McLean Adolescent Partial Hospital Program (1 month)
The McLean Adolescent Partial Hospital Program serves adolescents from the ages of 12 to 19 with a variety of psychiatric disorders. This includes mood disorders, anxiety, autism spectrum disorders, substance use disorders, and those with a persistent pattern of self-injurious or suicidal behavior. The heart of their treatment is their participation in our daily cognitive behavioral therapy milieu program. Over the course of their rotation, MGH/McLean residents work with members of a multidisciplinary team where they evaluate adolescent patients and work closely with their families. They are also immersed in a milieu therapy model that focuses on the transformative power of safety, containment, and prosocial behavior.

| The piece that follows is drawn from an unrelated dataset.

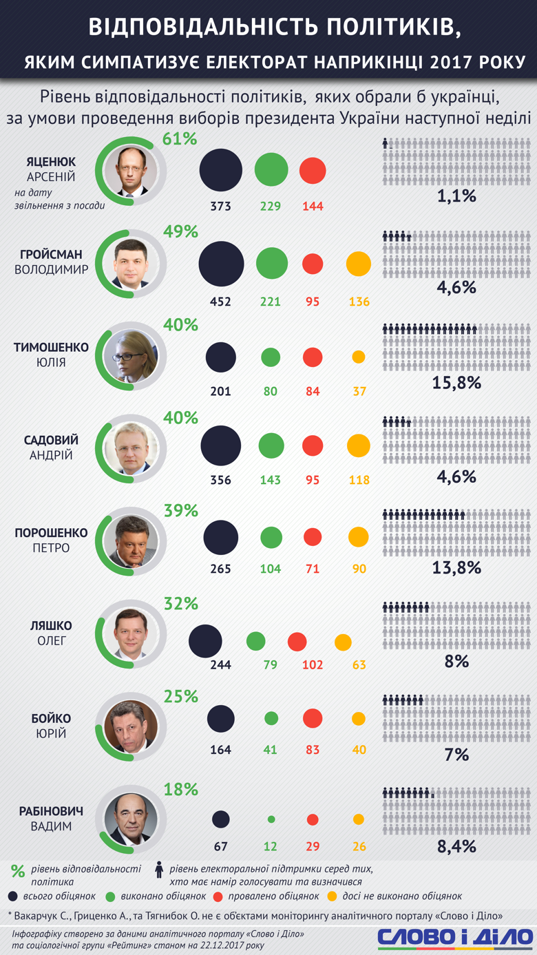 - За підрахунками «Слово і діло», на момент відставки з посади Прем’єр-міністра в квітні 2016 року Арсеній Яценюк встиг реалізувати 61% обіцяного, тобто 229 обіцянок. На другому місці – нинішній Глава уряду Володимир Гройсман, який виконав 49% обіцянок. Третю сходинку розділили народний депутат Юлія Тимошенко та міський голова Львова Андрій Садовий – 40% виконаних обіцянок. Президент України Петро Порошенко посів четверте місце в рейтингу, виконавши 39% обіцяного.

Residents co-lead psychotherapy groups including both skills-based groups and more traditional process-oriented groups. On this rotation, residents learn about childhood development, how to identify primary mental illness in childhood and adolescence, and how to deploy evidence-based treatments to adolescents across multiple different diagnostic categories.
Outpatient Psychiatry and Longitudinal Elective, 1/2 day per week
PGY2 residents have one afternoon per week dedicated to learning psychodynamic psychotherapy (through 1-2 patient cases) as well as the opportunity to engage in a longitudinal elective of their choosing. Starting psychodynamic psychotherapy training in the PGY2 year provides residents with the opportunity to see a patient longitudinally for three years (PGY2-PGY4). Residents choose either MGH or McLean for their outpatient clinic site.
Core Didactic Curriculum
These seminars are held throughout the year on Wednesdays from Noon to 5:00 pm, and rotate between the MGH and McLean Hospital campuses every six months. Residents are protected from clinical responsibilities during this time. The required seminars for the PGY2 year are comprehensive, extending over the entire year. Speakers are leaders in their fields, exposing residents to current research and theory as applied to everyday clinical situations. Topics include introductory and basic psychodynamic psychotherapy, psychopharmacology, psychiatric diagnosis, neuroscience, scholarly activity, medical ethics, case formulation, forensic psychiatry, and an introduction to cognitive behavioral therapy and group therapy. Residents from all classes interact together during the noon hour for the Resident Association Meeting, meetings with the training director or Chief of Psychiatry, or Journal Club. All classes have a T-group prior to the start of the afternoon seminars, in which the class meets weekly with a trained group therapist.
Call
6 weeks of nightfloat over the course of the year (3 weeks at MGH and 3 weeks at McLean, divided in 1-2 week blocks). PGY2 residents are also scheduled for weekend calls (Friday night, Saturday/night, or Sunday) at MGH or McLean throughout the year, at an average of 1-2 weekend calls per month. When rotating at McLean, PGY2s also work evening shifts (5-9pm) in the Clinical Evaluation Center, at an average of 1 shift per month.
Vacation
Four weeks vacation, in 1 week blocks spread out over the course of the year.